Hogan: Home tax will help to cut rates

The property tax should help local authorities reduce commercial rates for struggling business, according to the environment minister.

Hogan: Home tax will help to cut rates

As the property tax system “beds down”, and once the rates structure is harmonised under his local government reform plans unveiled last week, local authorities will be in a position to reduce the burden on rate-payers, said Phil Hogan.

The minister has also called for concrete progress on the long-awaited boundary extension for Cork City — the first since the mid-1960s — before the end of 2014.

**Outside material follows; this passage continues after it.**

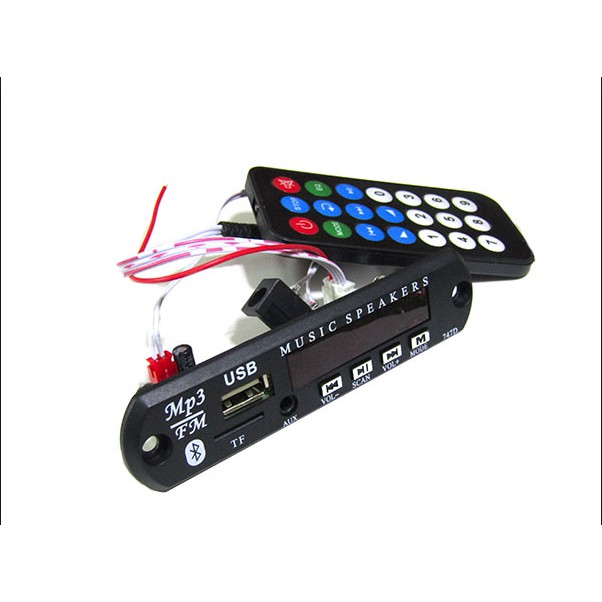 Mạch giải mã MP3 USB/TF/AUX/Bluetooth 7-12VDC có chức năng giải mã tín hiệu từ USB hoặc thẻ nhớ hoặc sóngFM sau đó khuếch đại ra âm thanh 2 kênh, với công suất mỗi kênh từ 3 - 5W.
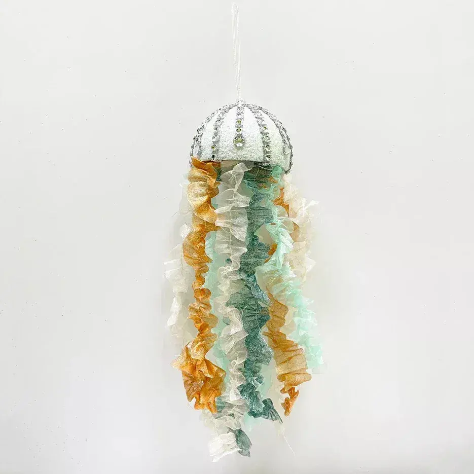 Уж кого, а такую роскошную, с длинными струящимися щупальцами медузу заметить просто невозможно! Это настоящее произведение искусства, в которое вложена масса труда и любви к своему делу. Винтажная медуза с разноцветными щупальцами подходит не только для оформления новогоднего дерева, но и создания необычных композиций с морским колоритом.

However, such contentious boundary extensions will become less important thanks to the sweeping reforms of the local government system, he said.

“I am signalling my intent now that we want to drive down commercial rates, particularly to the small businesses who are suffering because of the high costs levels of commercial rates at the moment and particularly where footfall is low.

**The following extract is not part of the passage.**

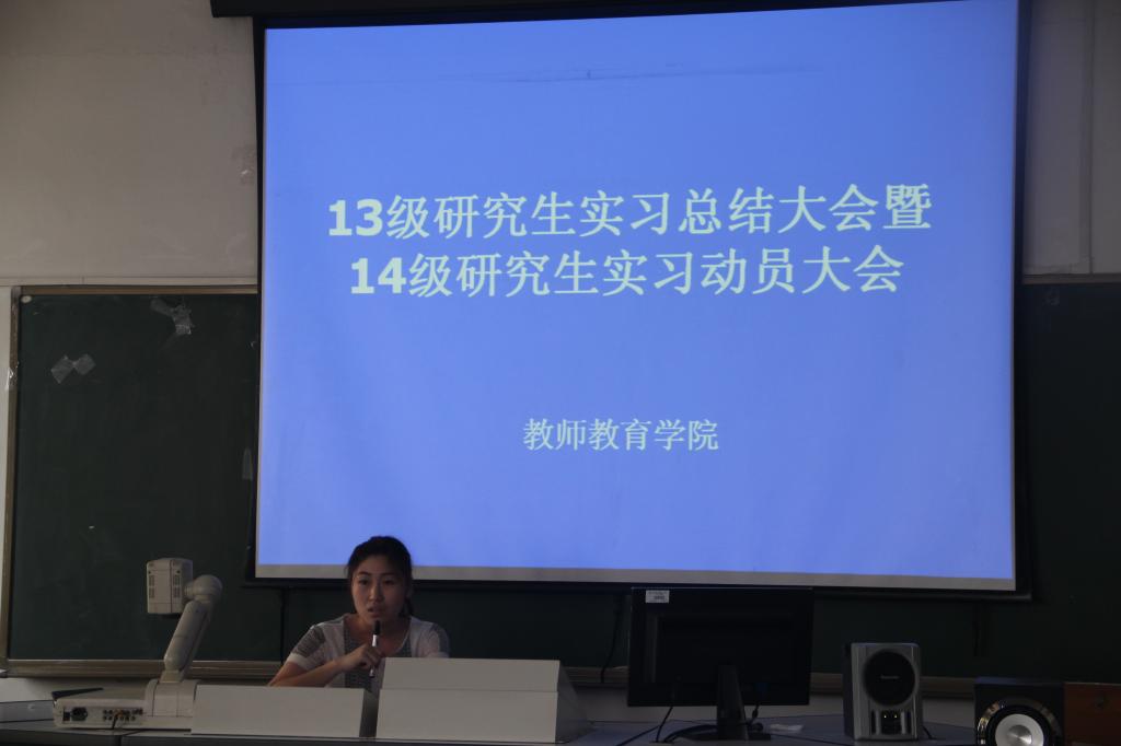 7月5日上午和下午,教师教育学院在07408举办了2013级研究生实习总结大会暨2014级研究生实习动员大会。教师教育学院经理董新良、副经理张潮、部分员工导师、全体2013级研究生及2014级研究生参加了本次会议,
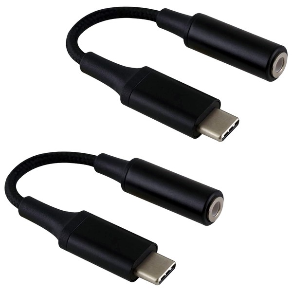Tek Styz USB C to 3.5mm Headphone Adapter Compatible with GOPRO Hero6 with Digital DAC Chip That's Dual 1/8 inch TypeC/PD! (2Pack / Black)

“I want to see that now we have a local property tax, and with a harmonisation structure of rates in place over a period of time, we will drive down the costs for the small business person to be able to make more of a contribution than they are now.”

However, Cork Chamber chief executive Conor Healy said hard-pressed businesses needed to see swift action on rates, which remain one of the single biggest challenges facing businesses today.

“Rates is a big issue for every single employer and big reductions do need to be made,” he said.

“Cork Chamber has nearly 1,100 members, employing 100,000 people across the region, and rates is one of the key issues from a competitiveness point of view.

“But the bigger challenge around that is the whole structure of rates — it’s an archaic and antiquated system that needs to be looked at from a root-and-branch perspective, and that needs real commitment from government.”

The Commission of Valuation, which has sole responsibility for all valuation matters, is currently revaluing all commercial and industrial properties across the State to provide for more consistent and up-to-date valuations for rating purposes, and to help provide a more equitable distribution of property valuations.

A bill before the Oireachtas has been designed to accelerate the valuation process, to minimise exemptions from rateability, and to streamline the appeal procedures, among other issues.

Government figures for 2010 show that commercial rates income accounted for 28% of all local authority income.

Across the 88 local authorities, the average change of annual rate of valuation from 2012 to 2013 showed a decrease of 0.34%, following a similar decrease of 0.31% in 2010, 0.64% in 2011, and 0.62% in 2010.